Take the line containing "Large Artist Series: White Museum Board" and every line after it to the end of the records, and copy them exactly, leaving out pictures.

Data items
━━━

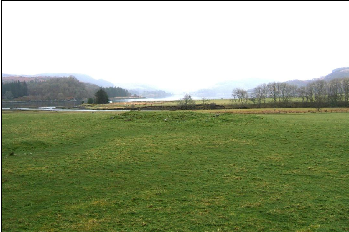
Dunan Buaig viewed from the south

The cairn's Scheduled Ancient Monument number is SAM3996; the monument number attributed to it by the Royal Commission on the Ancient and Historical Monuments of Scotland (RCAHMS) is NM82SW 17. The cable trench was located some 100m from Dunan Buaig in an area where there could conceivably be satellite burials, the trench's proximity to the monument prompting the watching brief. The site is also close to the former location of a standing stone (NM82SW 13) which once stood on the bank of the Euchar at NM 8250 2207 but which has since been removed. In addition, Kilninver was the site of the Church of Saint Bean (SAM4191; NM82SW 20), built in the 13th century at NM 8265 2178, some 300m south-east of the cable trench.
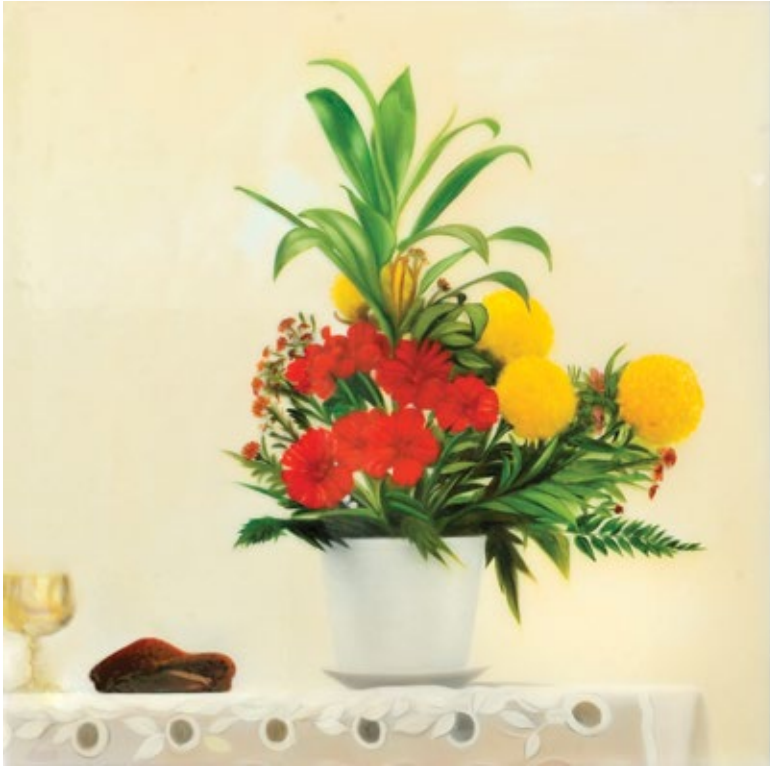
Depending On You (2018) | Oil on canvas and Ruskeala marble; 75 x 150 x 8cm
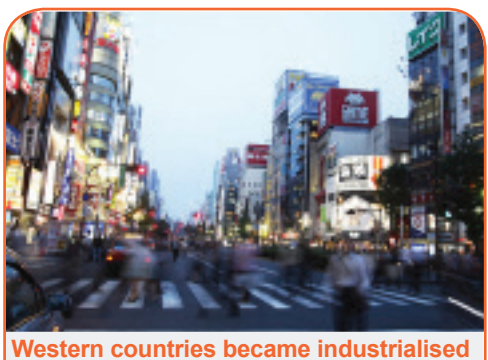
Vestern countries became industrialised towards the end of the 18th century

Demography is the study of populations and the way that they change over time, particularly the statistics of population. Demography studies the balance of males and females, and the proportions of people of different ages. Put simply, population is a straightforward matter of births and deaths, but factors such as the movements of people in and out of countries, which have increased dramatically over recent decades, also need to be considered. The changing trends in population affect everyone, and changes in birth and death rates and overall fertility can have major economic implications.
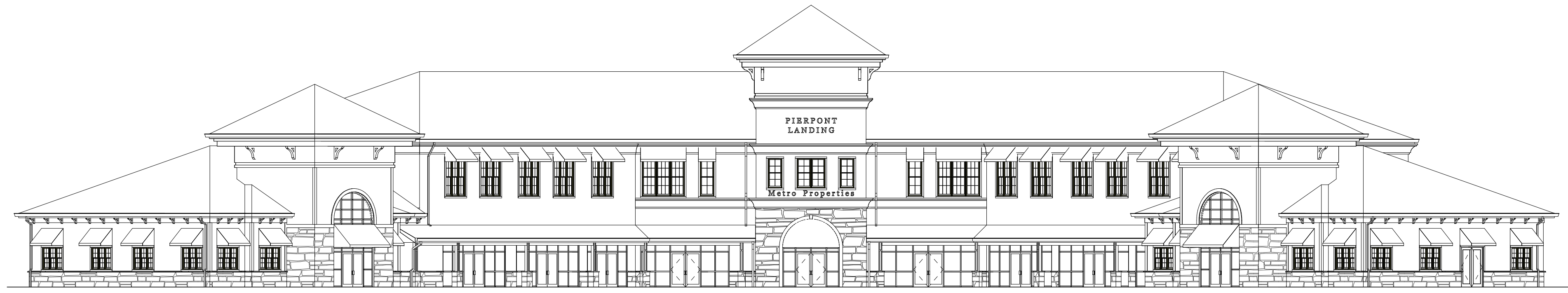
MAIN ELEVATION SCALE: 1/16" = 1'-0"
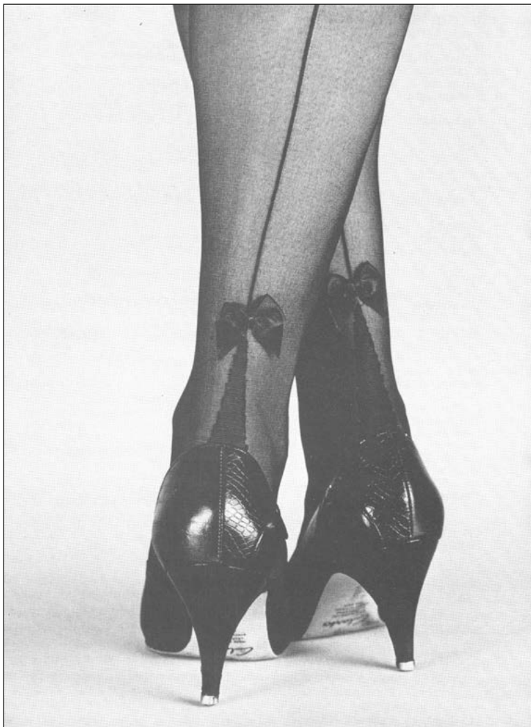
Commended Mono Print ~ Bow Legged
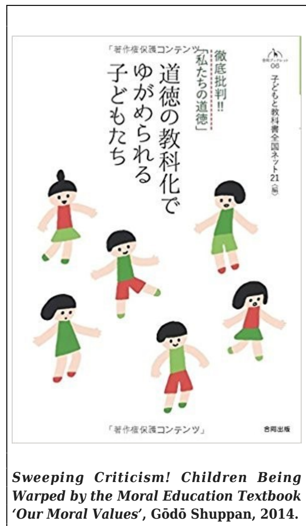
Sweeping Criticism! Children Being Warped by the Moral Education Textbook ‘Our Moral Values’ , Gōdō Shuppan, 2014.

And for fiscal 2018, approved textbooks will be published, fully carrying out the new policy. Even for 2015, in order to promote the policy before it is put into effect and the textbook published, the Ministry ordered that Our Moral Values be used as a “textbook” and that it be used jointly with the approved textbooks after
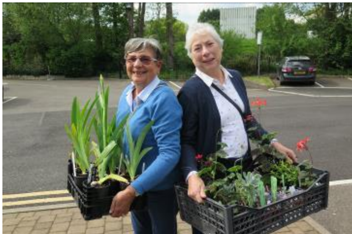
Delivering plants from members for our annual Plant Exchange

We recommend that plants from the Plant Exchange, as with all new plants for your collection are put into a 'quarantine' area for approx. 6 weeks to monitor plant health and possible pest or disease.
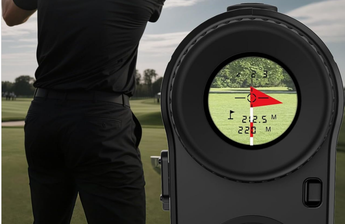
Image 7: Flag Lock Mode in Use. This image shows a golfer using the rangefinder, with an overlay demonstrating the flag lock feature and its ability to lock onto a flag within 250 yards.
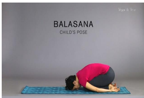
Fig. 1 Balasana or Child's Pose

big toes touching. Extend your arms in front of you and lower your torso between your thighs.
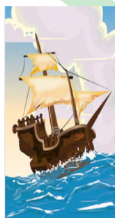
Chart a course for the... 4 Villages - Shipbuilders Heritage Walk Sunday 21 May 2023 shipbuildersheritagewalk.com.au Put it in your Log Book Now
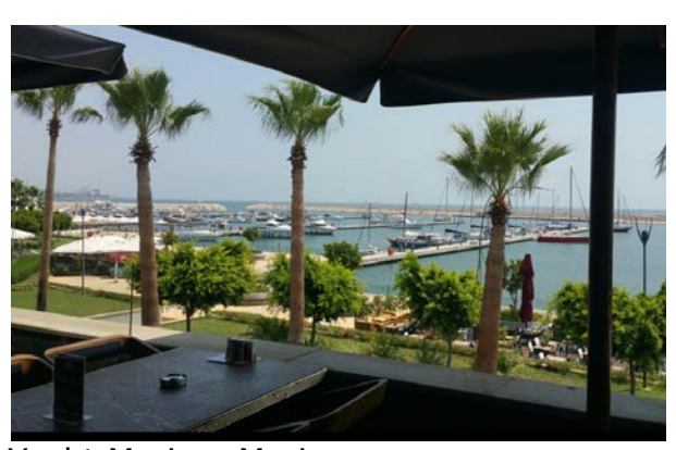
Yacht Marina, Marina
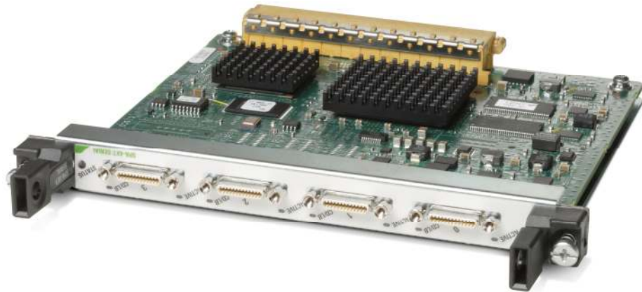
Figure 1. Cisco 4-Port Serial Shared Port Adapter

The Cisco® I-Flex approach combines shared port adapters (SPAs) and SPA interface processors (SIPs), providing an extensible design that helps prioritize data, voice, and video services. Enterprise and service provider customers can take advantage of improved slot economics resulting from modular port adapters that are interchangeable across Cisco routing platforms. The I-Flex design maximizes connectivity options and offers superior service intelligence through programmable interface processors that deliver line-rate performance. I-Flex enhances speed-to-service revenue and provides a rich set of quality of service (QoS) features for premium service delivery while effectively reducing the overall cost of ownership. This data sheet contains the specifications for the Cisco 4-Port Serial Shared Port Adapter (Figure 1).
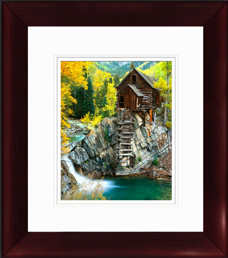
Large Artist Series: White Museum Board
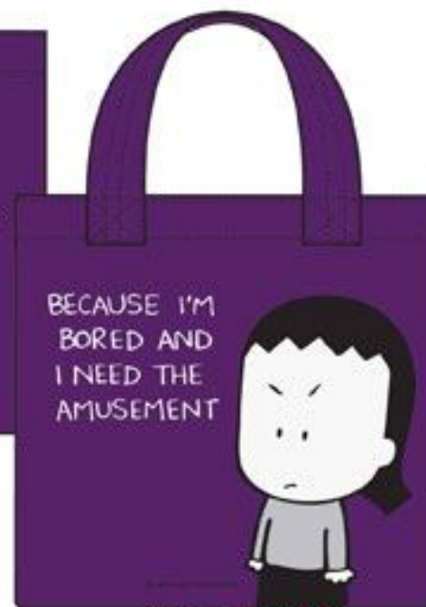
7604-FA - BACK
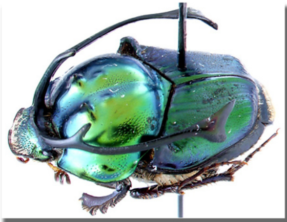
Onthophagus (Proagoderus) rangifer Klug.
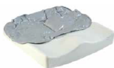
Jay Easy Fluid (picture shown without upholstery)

━━━

• **SOLUTION FOR THIS EXERCISE**:
Large Artist Series: White Museum Board
7604-FA - BACK
Onthophagus (Proagoderus) rangifer Klug.
Jay Easy Fluid (picture shown without upholstery)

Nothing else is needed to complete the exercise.